Replacing a hidden JSON editor with a research-grounded pin model.

Role
Product designer at Ataccama
Timeline
6 weeks
Surface
Metadata Model · Page layout
Output
Working prototype · Three-audience handoff
Pinning properties in action: curating which properties surface at the top of the entity page

The JSON editor was technically usable. Nobody could actually use it.

Customers routinely extend Ataccama ONE’s metadata model with custom properties, Region, Data Owner, Classification. The historical way to surface them on entity detail pages was a Monaco-based JSON editor hidden behind a feature flag, unusable by anyone who didn’t write code.

Customer-facing teams complained when the flag came off. The brief: remove the JSON editor entirely and replace it with something an admin or a consultant could actually use.

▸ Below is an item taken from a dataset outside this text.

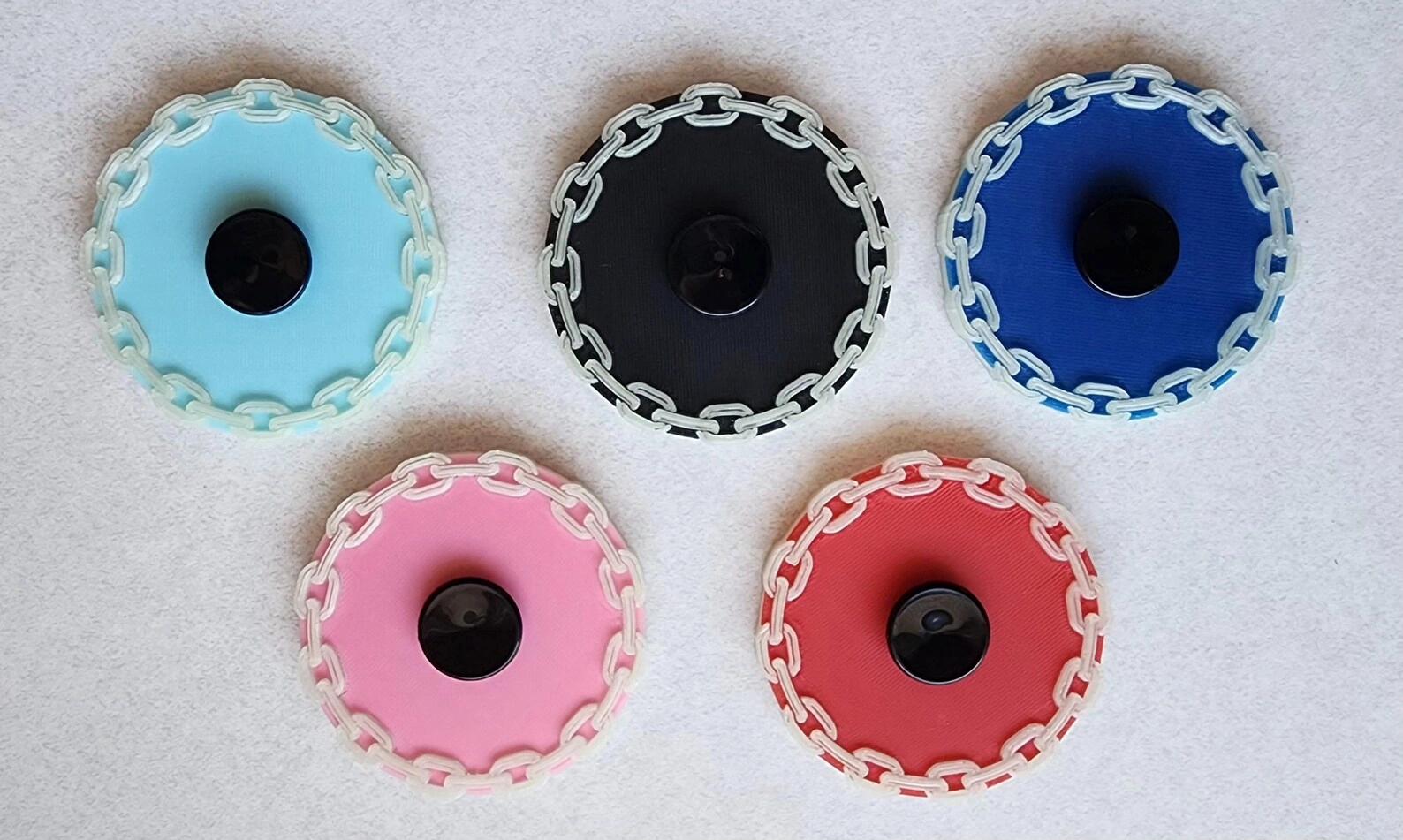 Bring personality and practicality to your game with this lightweight 3D-printed spinner mini. It features a holographic bottom, glow-in-the-dark chains, and smooth spin action—perfect for marking your lie or fidgeting during downtime. A fun, eye-catching addition to any disc golf bag.

Real demand, no real solution.

The product inbox held the evidence, concentrated demand across DG, DQ, ONE Platform, and Agentic, going unaddressed because the existing solution was developer-only.

The audience was specific: tenant admins and consultants, people who understand the metadata model conceptually but don’t write code. Explicitly not for end users or developers.

One escape hatch. Everything else locked.

A model with a single customizable surface. Admins pick which properties matter most, and those properties surface at the top of every entity page of that type, pinned into the Summary. Everything else stays on a default layout that Ataccama curates and locks.

The pattern is "shell-plus-accent", universal across every competitor I studied (Jira, Collibra, Salesforce, Atlan, Harness, ServiceNow). A dominant, system-controlled layout with one explicit surface for promoting individually-important content.

The whole thing is configured in one place: Settings, Metadata Model, the entity type’s Pinned properties tab. The admin picks individual properties from a searchable list, scoped to the tenant, and every instance of that entity type inherits them. No JSON, no code.

The Pinned properties configuration: a Pick properties to pin list on the left, the pinned set on the right

Config: the admin picks properties to pin to the Summary, per entity type, in Settings.

A real entity Overview page with the pinned properties surfaced at the top

Result: the pinned properties surface at the top of every entity page of that type.

Each one came from a finding in the research.

01
Lock the structural scaffolding
Header, widgets, column structure, all curated by Ataccama. Matches Collibra’s "system content controlled by Collibra."
02
One escape hatch, not a full editor
A single pinned surface at the top of the page. Admin curates which properties appear there. Everything else stays where Ataccama designed it.
03
Tenant-scoped, not per-user
Every data-catalog peer is tenant-scoped. Per-user pins would have broken consultant-shares-screens consistency.
04
Pin individual properties
The real customer use case is field-level. Section-level customization was over-coarse for the actual need.

V5 wasn’t my first idea, it was synthesis. Without V1–V4 showing what didn’t work, V5 would have looked like V1.

Three inflection points across six weeks.

01
The PM pivot, April 15
I brought a full layout-editor prototype to my first PM meeting, expecting feedback on interactions. Matej proposed the pin concept in five minutes. Customization has a cost, product identity, test stability, upgrade path.
02
The 22-source research
Going deep on six competitors surfaced one universal pattern: shell-plus-accent. A dominant, system-controlled layout with one explicit surface for promoting individually-important content.
03
The buddy meeting
I brought a lean recommendation on each of six open decisions, not open exploration, "take this position and tell me why I’m wrong." We closed all six in 30 minutes.

Five principles that travel beyond this project.

01
Bring problem + evidence early
Let PM bring constraints. Don’t fall in love with your prototype.
02
Research turns proposals into arguments
"12+ upvotes, Collibra 46% → 74%" is a different conversation than "I think we need this."
03
Sketch before prototyping in code
Code iteration is fast but expensive when the direction isn’t validated.
04
Five variants were not waste
V5 was synthesis. Without exploration, "first idea" is rarely the answer.
05
Fast convergence needs lean recommendations
Strong defaults invite quick critique. Open questions invite long meetings.